EXERCISE DESCRIPTION
Starting with the line below that holds "其中,深圳市艾吉森環保科技有限公司生產的空氣凈化器復檢仍不合格。" and stopping after the line that holds "在给猫咪准备饮水的时候", transcribe the lines exactly, leaving out all pictures.

[Start of Attachment]

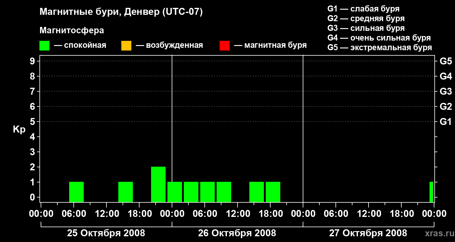 Изменения геомагнитного индекса Kp с 25 по 27 октября 2008 года для средних широт
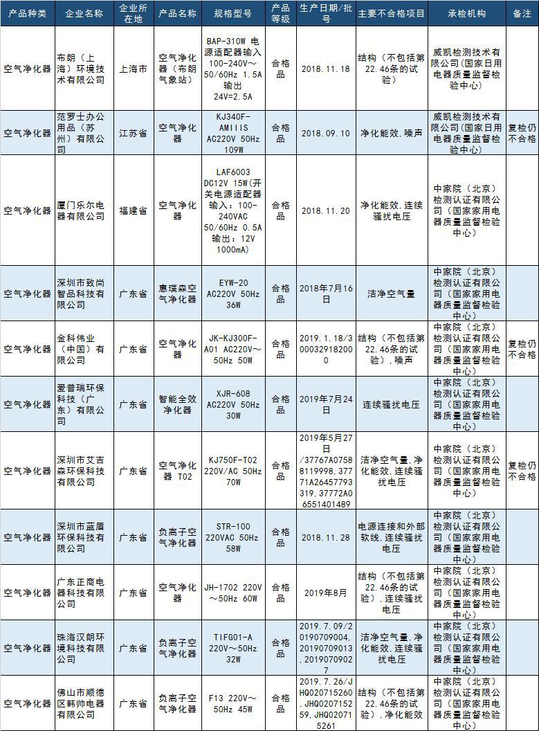 其中,深圳市艾吉森環保科技有限公司生產的空氣凈化器復檢仍不合格。
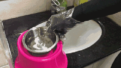 在给猫咪准备饮水的时候
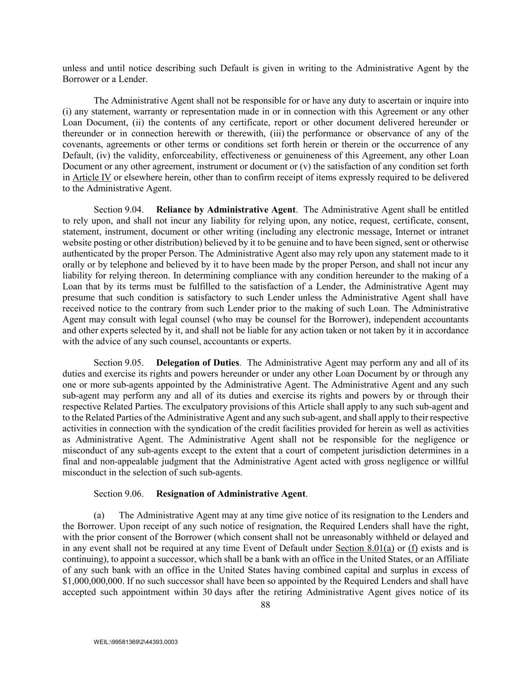 88 WEIL:\99581369\2\44393.0003 unless and until notice describing such Default is given in writing to the Administrative Agent by the Borrower or a Lender. The Administrative Agent shall not be responsible for or have any duty to ascertain or inquire into (i) any statement, warranty or representation made in or in connection with this Agreement or any other Loan Document, (ii) the contents of any certificate, report or other document delivered hereunder or thereunder or in connection herewith or therewith, (iii) the performance or observance of any of the covenants, agreements or other terms or conditions set forth herein or therein or the occurrence of any Default, (iv) the validity, enforceability, effectiveness or genuineness of this Agreement, any other Loan Document or any other agreement, instrument or document or (v) the satisfaction of any condition set forth in Article IV or elsewhere herein, other than to confirm receipt of items expressly required to be delivered to the Administrative Agent. Section 9.04. Reliance by Administrative Agent. The Administrative Agent shall be entitled to rely upon, and shall not incur any liability for relying upon, any notice, request, certificate, consent, statement, instrument, document or other writing (including any electronic message, Internet or intranet website posting or other distribution) believed by it to be genuine and to have been signed, sent or otherwise authenticated by the proper Person. The Administrative Agent also may rely upon any statement made to it orally or by telephone and believed by it to have been made by the proper Person, and shall not incur any liability for relying thereon. In determining compliance with any condition hereunder to the making of a Loan that by its terms must be fulfilled to the satisfaction of a Lender, the Administrative Agent may presume that such condition is satisfactory to such Lender unless the Administrative Agent shall have received notice to the contrary from such Lender prior to the making of such Loan. The Administrative Agent may consult with legal counsel (who may be counsel for the Borrower), independent accountants and other experts selected by it, and shall not be liable for any action taken or not taken by it in accordance with the advice of any such counsel, accountants or experts. Section 9.05. Delegation of Duties. The Administrative Agent may perform any and all of its duties and exercise its rights and powers hereunder or under any other Loan Document by or through any one or more sub-agents appointed by the Administrative Agent. The Administrative Agent and any such sub-agent may perform any and all of its duties and exercise its rights and powers by or through their respective Related Parties. The exculpatory provisions of this Article shall apply to any such sub-agent and to the Related Parties of the Administrative Agent and any such sub-agent, and shall apply to their respective activities in connection with the syndication of the credit facilities provided for herein as well as activities as Administrative Agent. The Administrative Agent shall not be responsible for the negligence or misconduct of any sub-agents except to the extent that a court of competent jurisdiction determines in a final and non-appealable judgment that the Administrative Agent acted with gross negligence or willful misconduct in the selection of such sub-agents. Section 9.06. Resignation of Administrative Agent. (a) The Administrative Agent may at any time give notice of its resignation to the Lenders and the Borrower. Upon receipt of any such notice of resignation, the Required Lenders shall have the right, with the prior consent of the Borrower (which consent shall not be unreasonably withheld or delayed and in any event shall not be required at any time Event of Default under Section 8.01(a) or (f) exists and is continuing), to appoint a successor, which shall be a bank with an office in the United States, or an Affiliate of any such bank with an office in the United States having combined capital and surplus in excess of $1,000,000,000. If no such successor shall have been so appointed by the Required Lenders and shall have accepted such appointment within 30 days after the retiring Administrative Agent gives notice of its
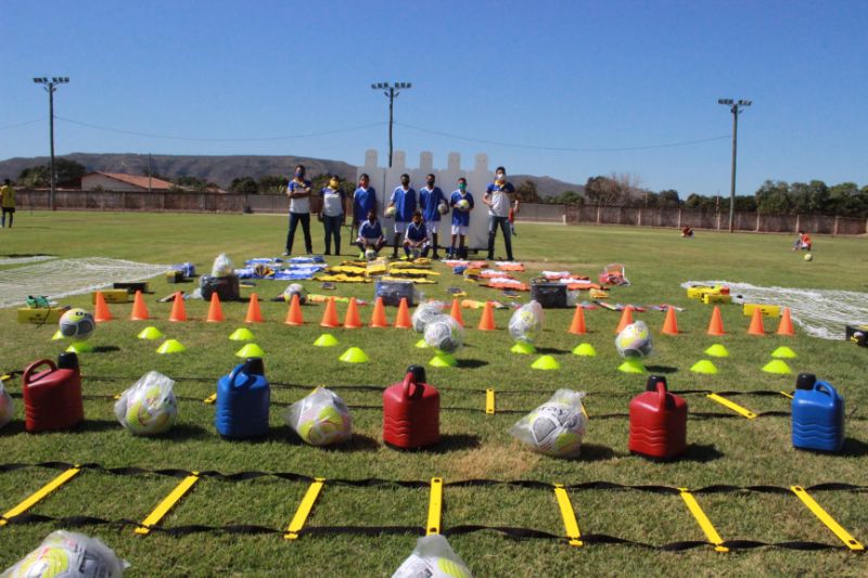Com a aprovação do projeto social, a Escolinha Municipal de Futebol adquiriu diversos materiais esportivos, tais como: 60 camisas de futebol, 60 shorts, 75 coletes, 30 bolas, 10 apitos, 5 cartões de arbitragem, 5 bandeirinhas, 10 bombas, 2 pares de redes, 10 cones, 10 pratos, 2 escadas de piso, 6 garrafões de 5 litros, 1 barreira móvel, 3 baldes bolsa massagem e 20 pares de chuteiras.
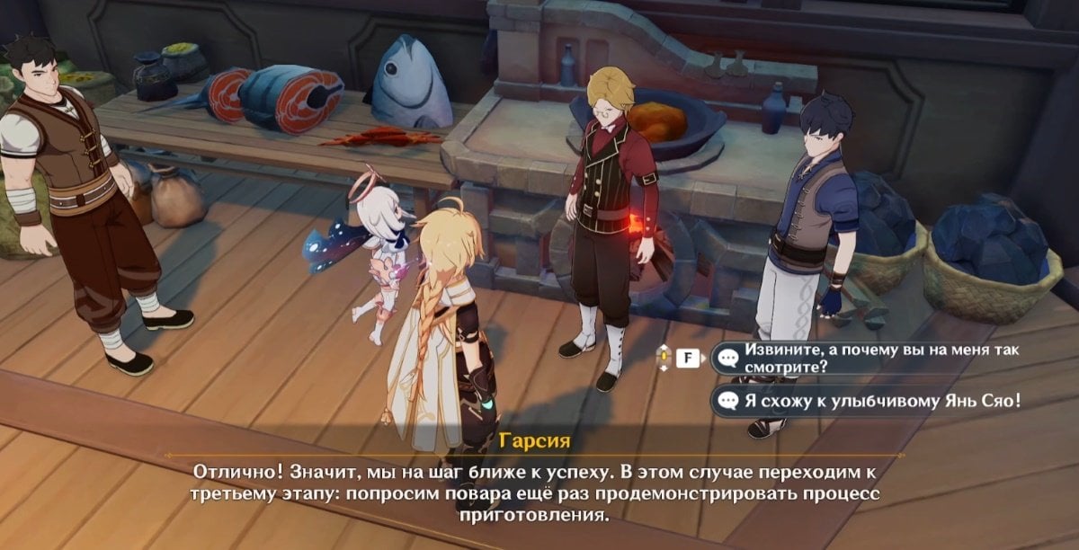 После начала задания вы станете участником обсуждения идеальной формулы овощного супа. Гарсия и его спутник предложат вам попробовать суп, приготовленный по их рецепту, и поделиться впечатлениями. Далее вам нужно отправиться на кухню к Улыбчивому Янь Сяо.
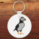 A cute Atlantic Puffin standing illustrated from the side view. The head of this pretty bird is turn to show off its beak marking.
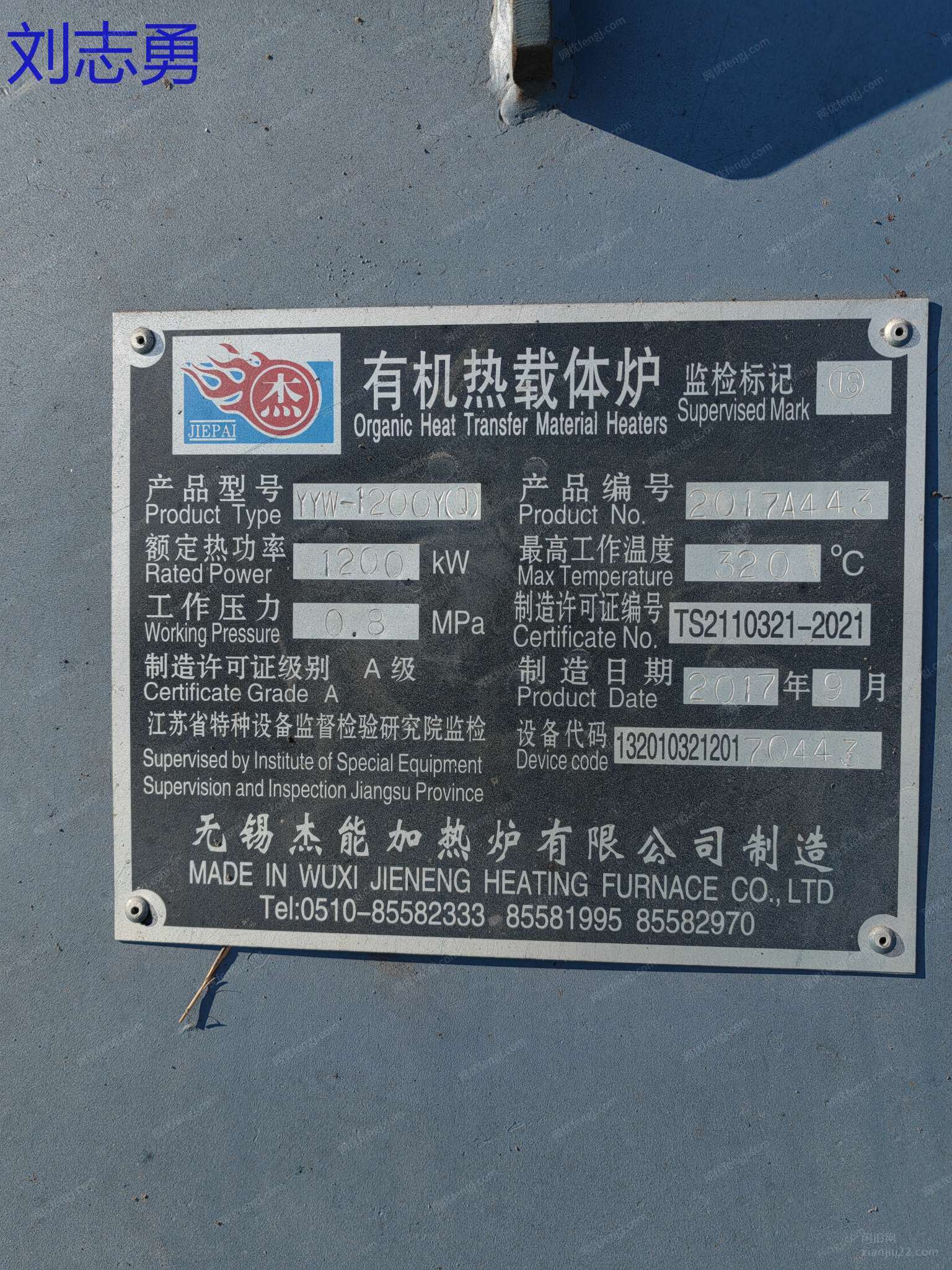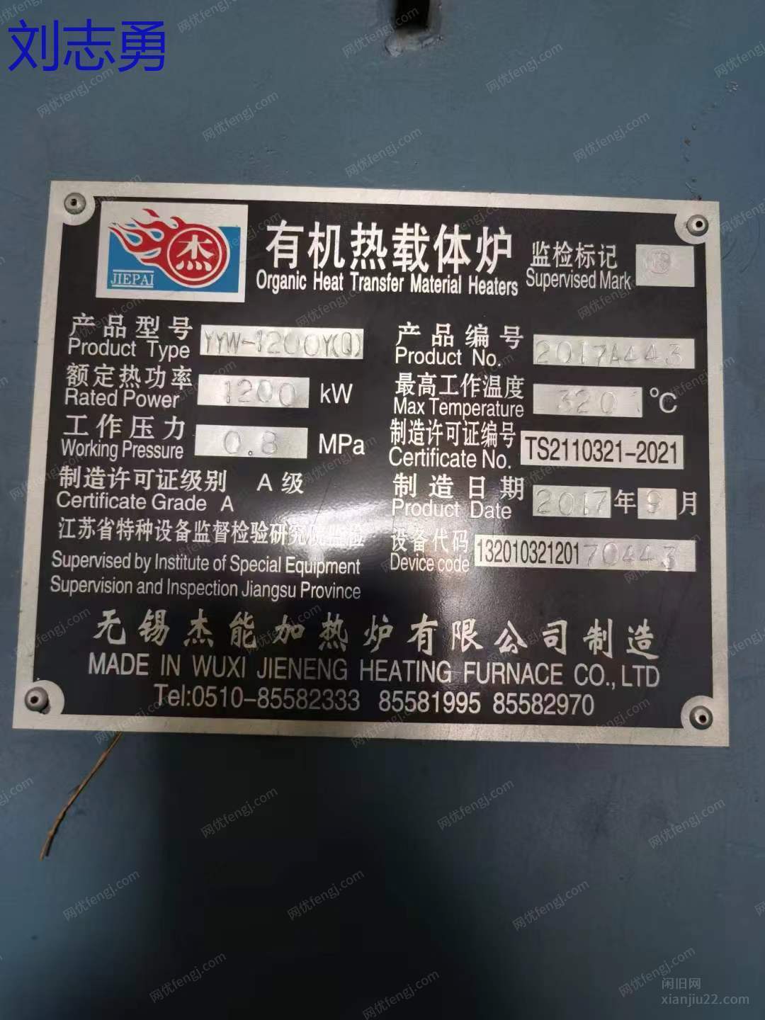 无锡杰能锅炉,100万大卡燃气导热油锅炉,未使用过,手续配件齐全。

[End of Attachment]

SOLVED PROBLEM
 其中,深圳市艾吉森環保科技有限公司生產的空氣凈化器復檢仍不合格。
 在给猫咪准备饮水的时候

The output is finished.